Вместе с тем между экспедициями этносюрреалистов, возвращающихся со «второй книгой», и фактографией советских рабкоров и селькоров, которые обязывались иметь «вторую профессию», есть немало резонансов. Можно сказать, что первые возвращались из Африки, с одной стороны, с урожаем собранных и еще неизвестных фактов (faits inédits), а с другой, с рассказом (récit) о своем экзотическом опыте. Эти факты и рассказ оказываются полюсами, между которыми существовала и литература факта, сочетавшая «фиксацию действительных фактов и их диалектический монтаж». Если немецкие дискуссии этого времени исходят из необходимости преодолеть довлеющую тотальность романной формы (полагаясь в этом на монтаж), то для французов исходной реальностью, наоборот, являются факты (омонимически смешивающие слова и дела), которые еще нужно синтезировать в своем опыте (характерно объединяющем жизненный и литературный жанр)[1037]. В соответствии с этим различаются и адекватные стратегии описания: в первом случае такой оказывается анализ литературных и медиатехник, способствующих «развинчиванию» цельности, а во втором – не анализ того, «как сделано» то или иное произведение, а позиционирование и дистрибуция текстов среди публики[1038] – то есть того, «как быть писателем» (и какие этому существованию подлежат ритуалы и обряды посвящения).
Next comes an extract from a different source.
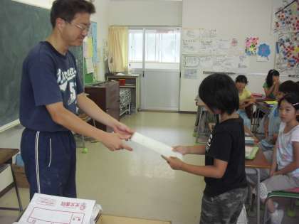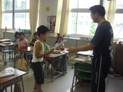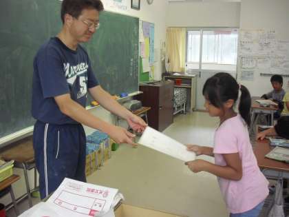 担任が、子ども一人一人に通知表を手渡している様子です。子どもたちががんばったところを褒めながら手渡します。子どもたちは「ありがとうございます。」と受け取っていました。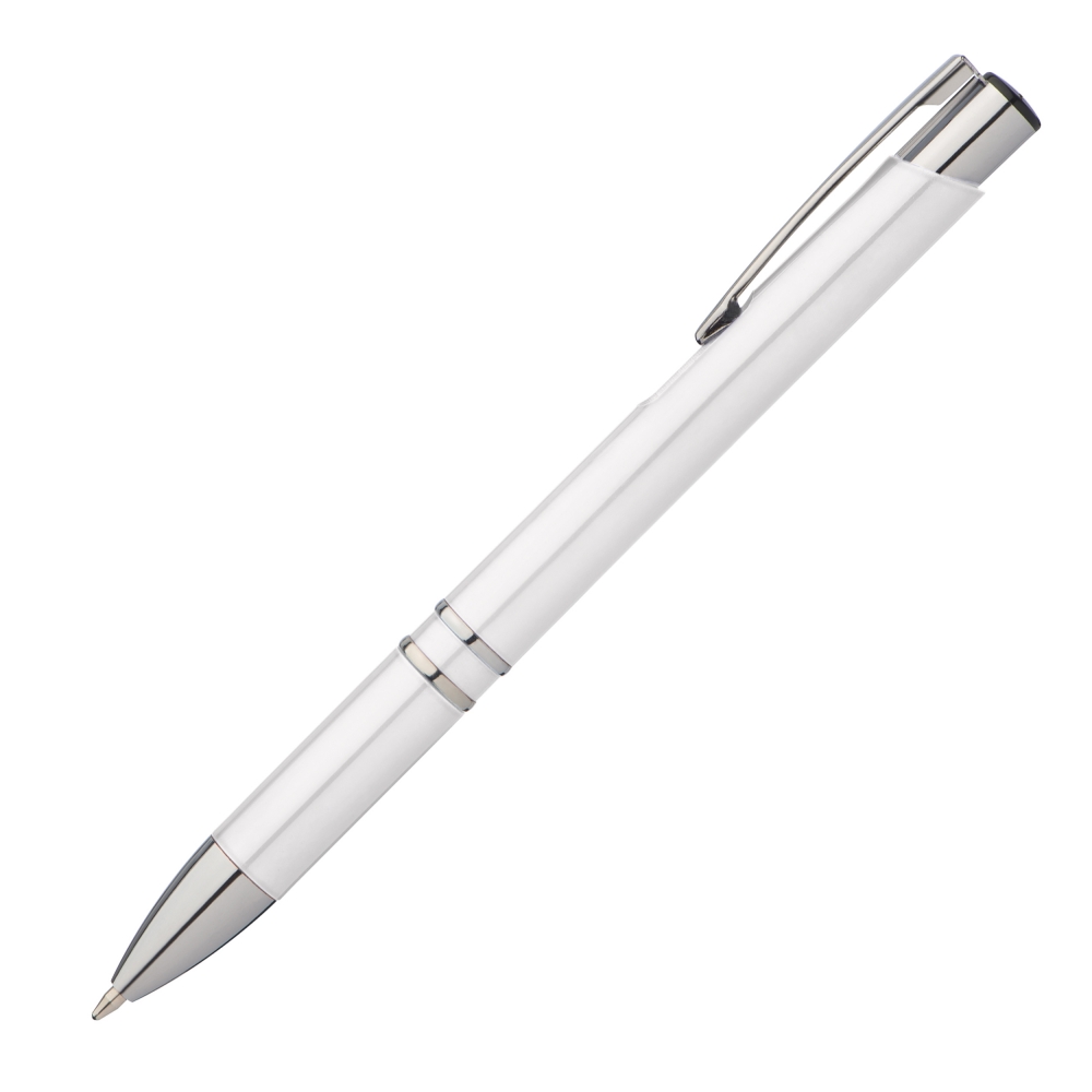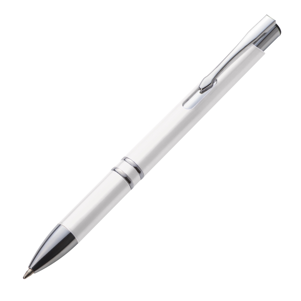 Artikel-Nr: EAG046106Kugelschreiber mit blauschreibender Großraummine und silbernen Applikationen. Ihre Werbung drucken wir rechts vom Clip. Wir empfehlen einen Druck in silber.

Советская фактография сочетает интерес к медиатехническому субстрату и институциональной (само)критике литературы межвоенной эпохи, в некоторых характерных деталях отличаясь, однако, и от немецкой, и от французской традиций. Сосредоточиваясь в этой главе на резонансах именно с последней, необходимо подчеркнуть различия векторов отталкивания, которые и определяли их специфику: если советская фактография стремится избежать деформации материала литературными сюжетными схемами, то сюрреалистическая этнография главной угрозой материалу видит императивы объективности, накладываемые университетской наукой (и поэтому настойчиво примешивает к «объективным» фактам личный опыт и рассказ)[1039]. Третьяков и Шкловский ратуют за разроманивание материала, Лейрис и Батай видят большую опасность в его чрезмерном онаучивании, но и те и другие ведут свою борьбу и стремятся утвердить себя на территории противника: «вторая профессия» должна спасать от литературы, так же как «вторая книга» – от науки, на территории которых мы все же продолжаем оставаться со своим неканоническим вкладом[1040].